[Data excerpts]
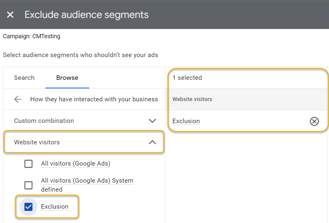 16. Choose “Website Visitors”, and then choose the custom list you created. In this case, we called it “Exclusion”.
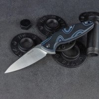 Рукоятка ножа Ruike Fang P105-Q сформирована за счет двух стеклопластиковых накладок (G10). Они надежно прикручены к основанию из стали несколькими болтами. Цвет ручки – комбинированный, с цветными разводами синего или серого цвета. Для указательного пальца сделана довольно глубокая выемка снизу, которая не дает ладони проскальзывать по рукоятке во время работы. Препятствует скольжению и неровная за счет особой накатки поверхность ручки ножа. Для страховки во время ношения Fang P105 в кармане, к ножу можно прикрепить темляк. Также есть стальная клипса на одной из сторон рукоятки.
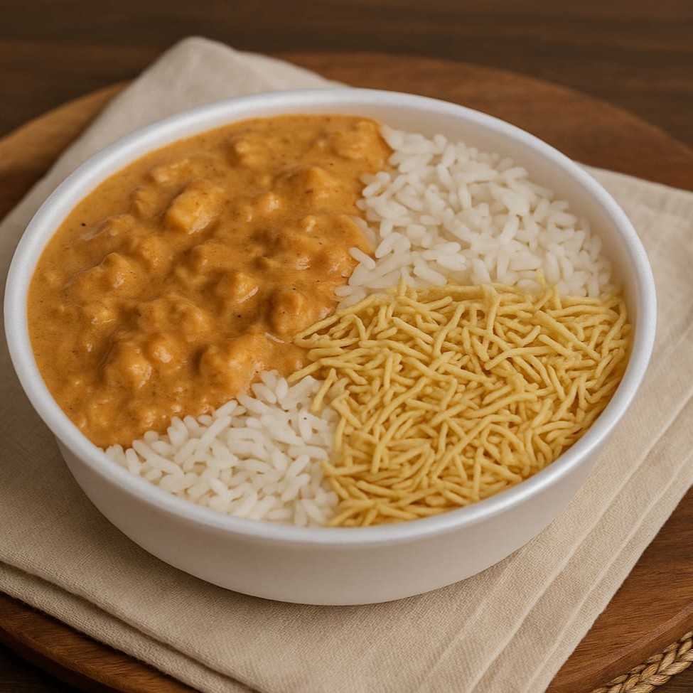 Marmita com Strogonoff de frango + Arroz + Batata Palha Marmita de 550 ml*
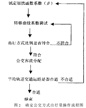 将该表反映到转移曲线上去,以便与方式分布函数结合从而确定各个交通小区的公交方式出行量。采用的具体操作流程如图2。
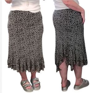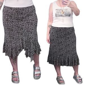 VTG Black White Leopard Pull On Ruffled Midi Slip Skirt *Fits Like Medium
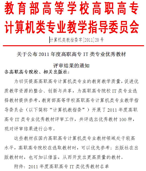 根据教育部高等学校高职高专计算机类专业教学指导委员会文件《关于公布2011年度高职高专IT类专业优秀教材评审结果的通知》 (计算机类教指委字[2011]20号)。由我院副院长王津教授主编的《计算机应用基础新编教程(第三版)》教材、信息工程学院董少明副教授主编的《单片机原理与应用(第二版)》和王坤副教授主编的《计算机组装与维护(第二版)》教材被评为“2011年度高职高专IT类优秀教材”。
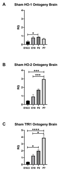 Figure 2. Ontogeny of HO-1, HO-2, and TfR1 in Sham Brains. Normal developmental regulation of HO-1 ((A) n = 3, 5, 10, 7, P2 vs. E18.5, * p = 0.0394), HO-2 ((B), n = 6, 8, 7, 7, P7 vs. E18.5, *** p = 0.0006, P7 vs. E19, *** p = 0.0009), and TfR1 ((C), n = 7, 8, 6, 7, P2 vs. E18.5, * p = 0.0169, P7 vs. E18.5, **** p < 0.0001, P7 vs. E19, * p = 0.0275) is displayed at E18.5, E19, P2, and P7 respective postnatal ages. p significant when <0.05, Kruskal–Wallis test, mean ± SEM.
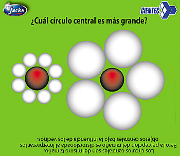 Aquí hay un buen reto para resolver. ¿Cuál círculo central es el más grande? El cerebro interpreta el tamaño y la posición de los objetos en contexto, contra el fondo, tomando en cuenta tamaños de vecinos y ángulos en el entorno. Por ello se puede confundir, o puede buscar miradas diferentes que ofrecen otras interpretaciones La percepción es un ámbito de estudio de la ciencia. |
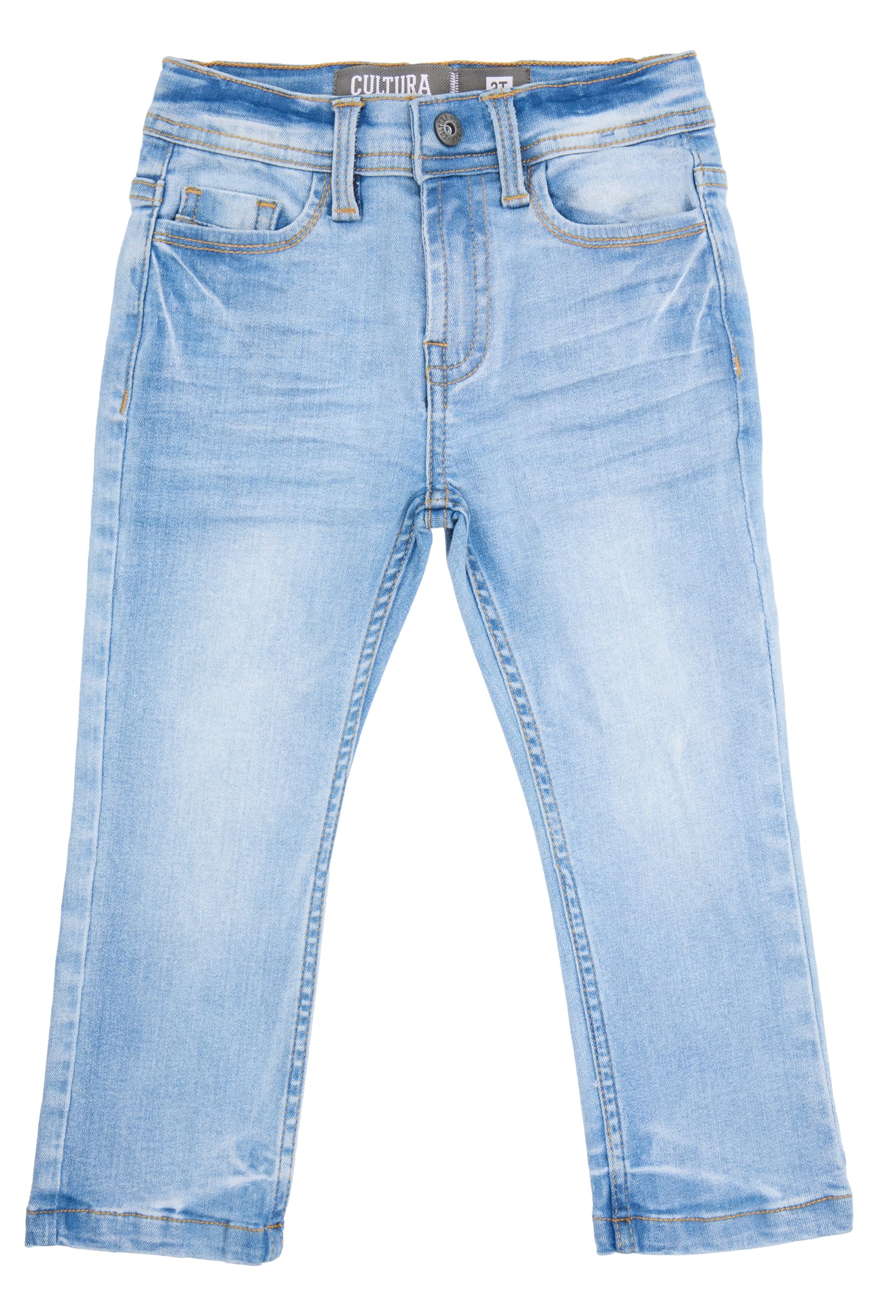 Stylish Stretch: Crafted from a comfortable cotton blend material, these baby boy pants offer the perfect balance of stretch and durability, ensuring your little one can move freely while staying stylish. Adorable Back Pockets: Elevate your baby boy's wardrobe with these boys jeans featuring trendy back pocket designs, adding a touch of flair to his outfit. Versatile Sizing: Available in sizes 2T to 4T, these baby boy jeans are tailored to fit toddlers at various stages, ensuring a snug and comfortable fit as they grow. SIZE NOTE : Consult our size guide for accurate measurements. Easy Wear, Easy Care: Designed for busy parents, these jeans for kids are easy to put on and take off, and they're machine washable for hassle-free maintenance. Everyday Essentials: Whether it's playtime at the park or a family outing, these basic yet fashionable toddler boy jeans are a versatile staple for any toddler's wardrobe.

EXERCISE AIM:
Your output is the lines from the top of the entries through the line containing "根据教育部高等学校高职高专计", exactly as they stand. No pictures belong in it.

RESPONSE BOX:
 16. Choose “Website Visitors”, and then choose the custom list you created. In this case, we called it “Exclusion”.
 Рукоятка ножа Ruike Fang P105-Q сформирована за счет двух стеклопластиковых накладок (G10). Они надежно прикручены к основанию из стали несколькими болтами. Цвет ручки – комбинированный, с цветными разводами синего или серого цвета. Для указательного пальца сделана довольно глубокая выемка снизу, которая не дает ладони проскальзывать по рукоятке во время работы. Препятствует скольжению и неровная за счет особой накатки поверхность ручки ножа. Для страховки во время ношения Fang P105 в кармане, к ножу можно прикрепить темляк. Также есть стальная клипса на одной из сторон рукоятки.
 Marmita com Strogonoff de frango + Arroz + Batata Palha Marmita de 550 ml*
 将该表反映到转移曲线上去,以便与方式分布函数结合从而确定各个交通小区的公交方式出行量。采用的具体操作流程如图2。
 VTG Black White Leopard Pull On Ruffled Midi Slip Skirt *Fits Like Medium
 根据教育部高等学校高职高专计算机类专业教学指导委员会文件《关于公布2011年度高职高专IT类专业优秀教材评审结果的通知》 (计算机类教指委字[2011]20号)。由我院副院长王津教授主编的《计算机应用基础新编教程(第三版)》教材、信息工程学院董少明副教授主编的《单片机原理与应用(第二版)》和王坤副教授主编的《计算机组装与维护(第二版)》教材被评为“2011年度高职高专IT类优秀教材”。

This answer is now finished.